▸ Work task: In the listing below, find the line containing "motiver oppunder taket." and the line containing "Vasque en granite". Repeat exactly those two lines and every line between them, nothing more.

▸ Recorded data:
______

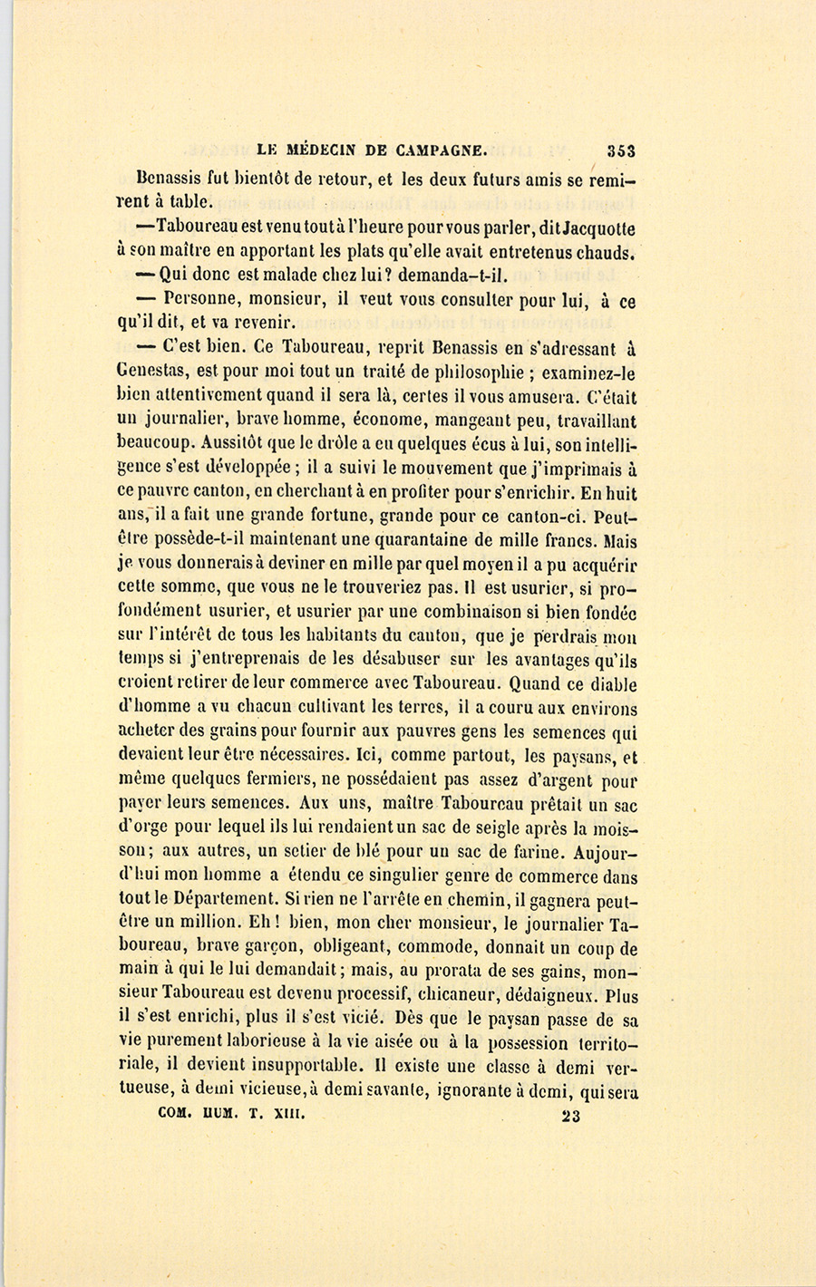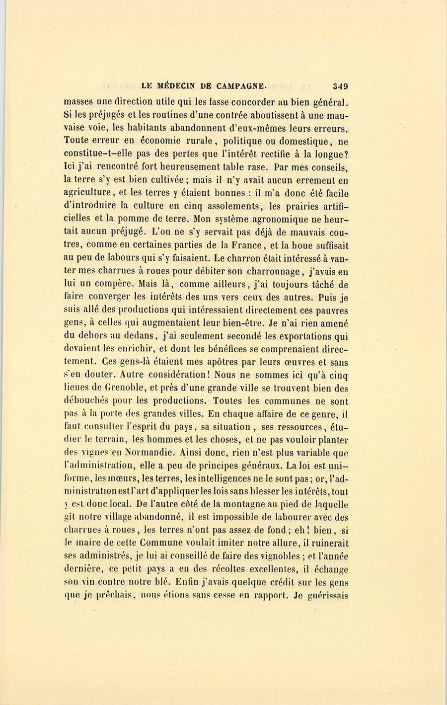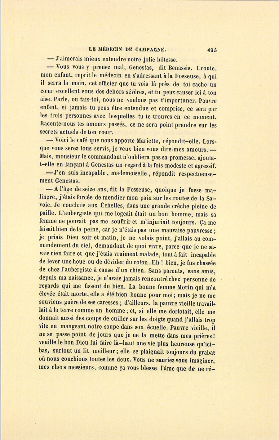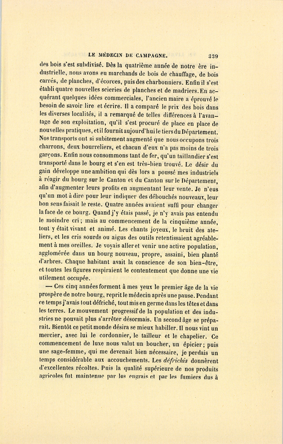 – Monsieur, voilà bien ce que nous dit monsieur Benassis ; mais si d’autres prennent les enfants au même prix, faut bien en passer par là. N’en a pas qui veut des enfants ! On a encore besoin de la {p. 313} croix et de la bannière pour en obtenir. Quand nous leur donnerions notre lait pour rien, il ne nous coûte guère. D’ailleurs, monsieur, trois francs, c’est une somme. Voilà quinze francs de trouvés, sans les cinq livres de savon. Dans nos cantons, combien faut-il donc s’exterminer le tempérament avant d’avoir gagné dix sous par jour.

______

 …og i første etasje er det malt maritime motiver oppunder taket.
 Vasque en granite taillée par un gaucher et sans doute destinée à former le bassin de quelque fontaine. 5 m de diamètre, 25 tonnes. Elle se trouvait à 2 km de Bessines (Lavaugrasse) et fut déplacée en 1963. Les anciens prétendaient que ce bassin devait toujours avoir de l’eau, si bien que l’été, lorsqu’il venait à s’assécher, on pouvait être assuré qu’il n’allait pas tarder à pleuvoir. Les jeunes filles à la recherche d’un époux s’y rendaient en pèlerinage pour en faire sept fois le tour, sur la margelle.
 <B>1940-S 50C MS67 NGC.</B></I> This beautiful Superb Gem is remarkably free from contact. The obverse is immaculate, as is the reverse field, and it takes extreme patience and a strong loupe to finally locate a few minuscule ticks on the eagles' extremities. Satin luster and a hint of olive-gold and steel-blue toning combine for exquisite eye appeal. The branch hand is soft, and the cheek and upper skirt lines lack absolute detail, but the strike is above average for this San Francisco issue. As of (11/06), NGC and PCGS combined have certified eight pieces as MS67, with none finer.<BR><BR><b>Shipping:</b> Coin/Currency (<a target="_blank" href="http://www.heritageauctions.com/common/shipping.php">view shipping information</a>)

______

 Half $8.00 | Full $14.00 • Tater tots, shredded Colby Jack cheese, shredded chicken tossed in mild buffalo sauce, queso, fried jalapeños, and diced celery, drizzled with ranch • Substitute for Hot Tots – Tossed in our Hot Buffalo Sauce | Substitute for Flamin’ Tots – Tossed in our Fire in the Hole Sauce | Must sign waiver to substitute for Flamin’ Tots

______

▸ Result of the exercise:
 …og i første etasje er det malt maritime motiver oppunder taket.
 Vasque en granite taillée par un gaucher et sans doute destinée à former le bassin de quelque fontaine. 5 m de diamètre, 25 tonnes. Elle se trouvait à 2 km de Bessines (Lavaugrasse) et fut déplacée en 1963. Les anciens prétendaient que ce bassin devait toujours avoir de l’eau, si bien que l’été, lorsqu’il venait à s’assécher, on pouvait être assuré qu’il n’allait pas tarder à pleuvoir. Les jeunes filles à la recherche d’un époux s’y rendaient en pèlerinage pour en faire sept fois le tour, sur la margelle.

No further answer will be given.